• Exercise directions: Up to and including the line with "4. Parent Dashboard", restate every line of the records below word for word, from the first line on, leaving out the pictures.

• Record excerpts:
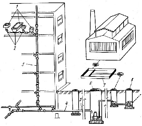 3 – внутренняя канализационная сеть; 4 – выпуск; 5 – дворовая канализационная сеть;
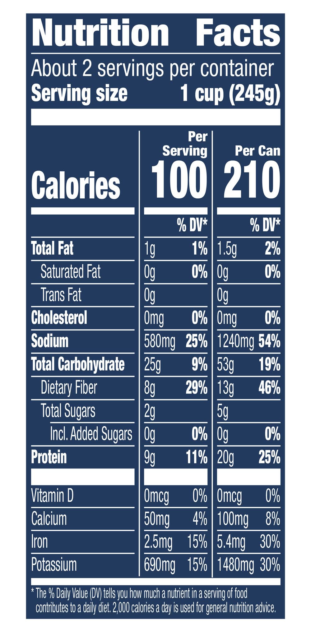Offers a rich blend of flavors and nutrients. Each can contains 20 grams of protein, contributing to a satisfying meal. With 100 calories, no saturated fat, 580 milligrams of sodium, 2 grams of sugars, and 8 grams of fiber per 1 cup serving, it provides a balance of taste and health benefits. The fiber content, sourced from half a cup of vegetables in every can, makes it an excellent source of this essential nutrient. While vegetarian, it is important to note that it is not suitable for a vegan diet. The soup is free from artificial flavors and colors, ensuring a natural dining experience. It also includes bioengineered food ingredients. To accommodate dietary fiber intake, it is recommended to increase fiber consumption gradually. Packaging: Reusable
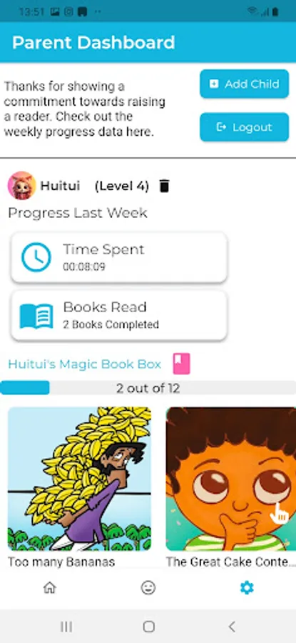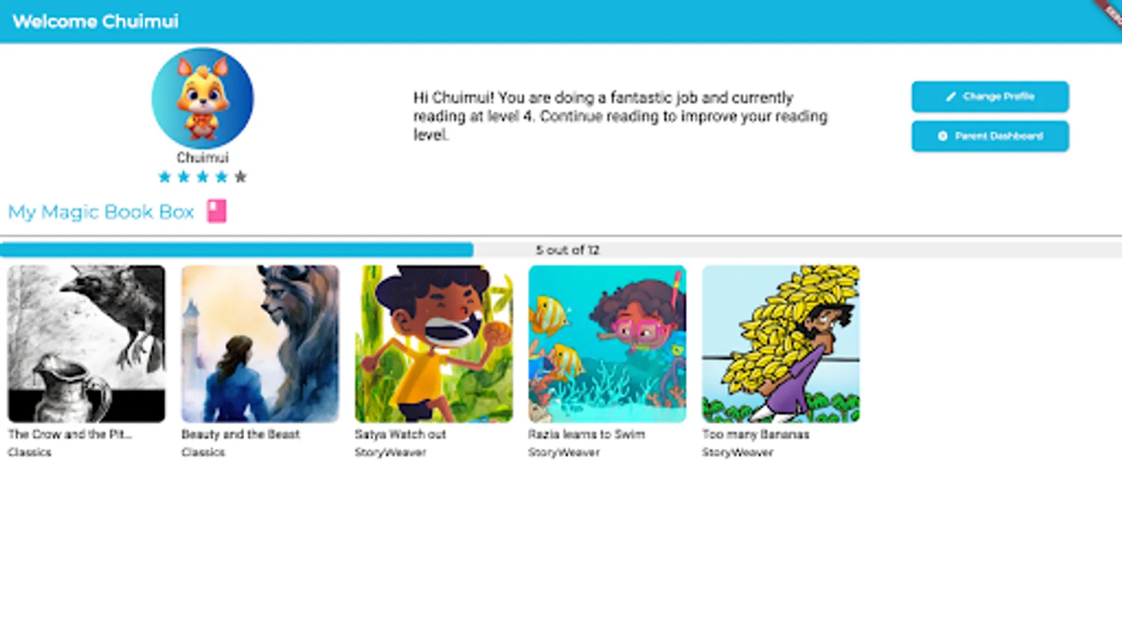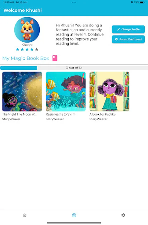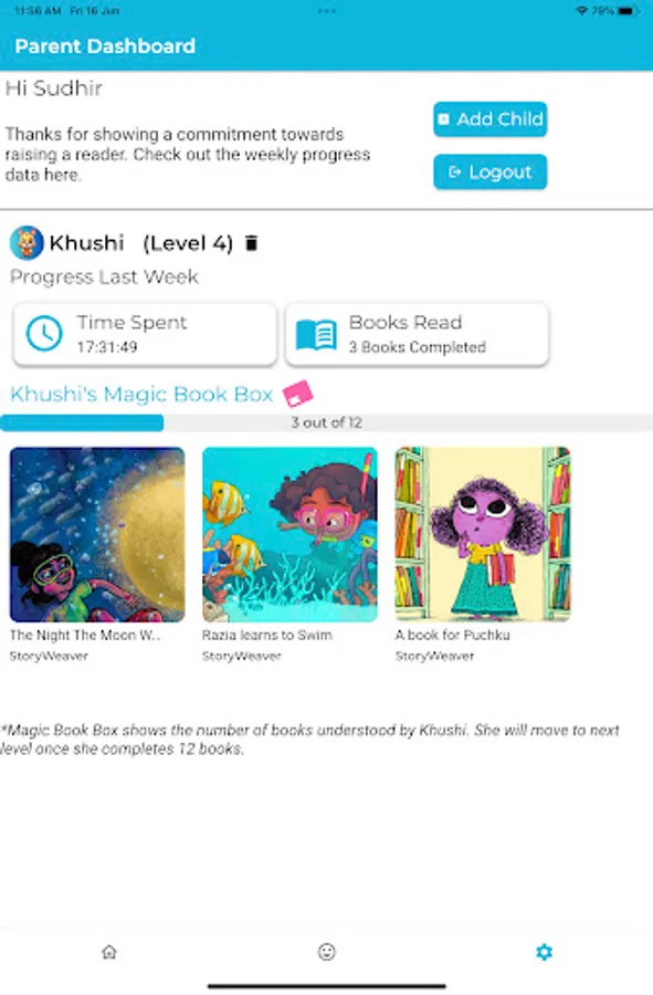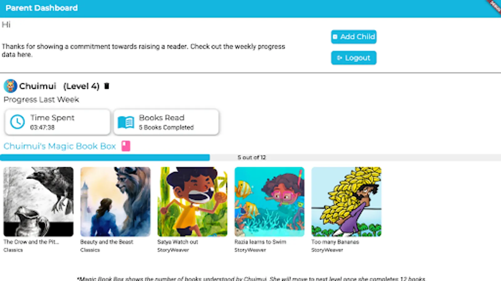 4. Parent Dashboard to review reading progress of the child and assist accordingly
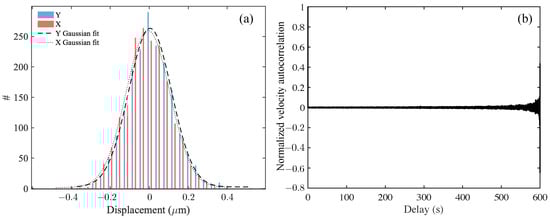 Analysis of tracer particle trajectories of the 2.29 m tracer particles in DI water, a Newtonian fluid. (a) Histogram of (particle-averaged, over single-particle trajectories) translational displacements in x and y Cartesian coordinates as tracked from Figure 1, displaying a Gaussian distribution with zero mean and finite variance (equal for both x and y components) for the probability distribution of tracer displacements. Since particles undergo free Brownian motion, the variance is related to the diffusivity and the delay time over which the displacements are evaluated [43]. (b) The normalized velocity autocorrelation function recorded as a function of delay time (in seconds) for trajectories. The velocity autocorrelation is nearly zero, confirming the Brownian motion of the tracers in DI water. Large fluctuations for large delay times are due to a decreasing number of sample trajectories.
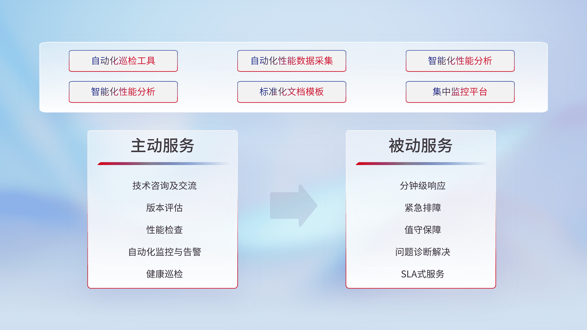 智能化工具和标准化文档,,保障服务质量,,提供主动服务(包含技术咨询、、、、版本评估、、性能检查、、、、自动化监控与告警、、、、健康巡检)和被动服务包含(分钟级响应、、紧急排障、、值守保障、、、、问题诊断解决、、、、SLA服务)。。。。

• Task response:
 3 – внутренняя канализационная сеть; 4 – выпуск; 5 – дворовая канализационная сеть;
Offers a rich blend of flavors and nutrients. Each can contains 20 grams of protein, contributing to a satisfying meal. With 100 calories, no saturated fat, 580 milligrams of sodium, 2 grams of sugars, and 8 grams of fiber per 1 cup serving, it provides a balance of taste and health benefits. The fiber content, sourced from half a cup of vegetables in every can, makes it an excellent source of this essential nutrient. While vegetarian, it is important to note that it is not suitable for a vegan diet. The soup is free from artificial flavors and colors, ensuring a natural dining experience. It also includes bioengineered food ingredients. To accommodate dietary fiber intake, it is recommended to increase fiber consumption gradually. Packaging: Reusable
 4. Parent Dashboard to review reading progress of the child and assist accordingly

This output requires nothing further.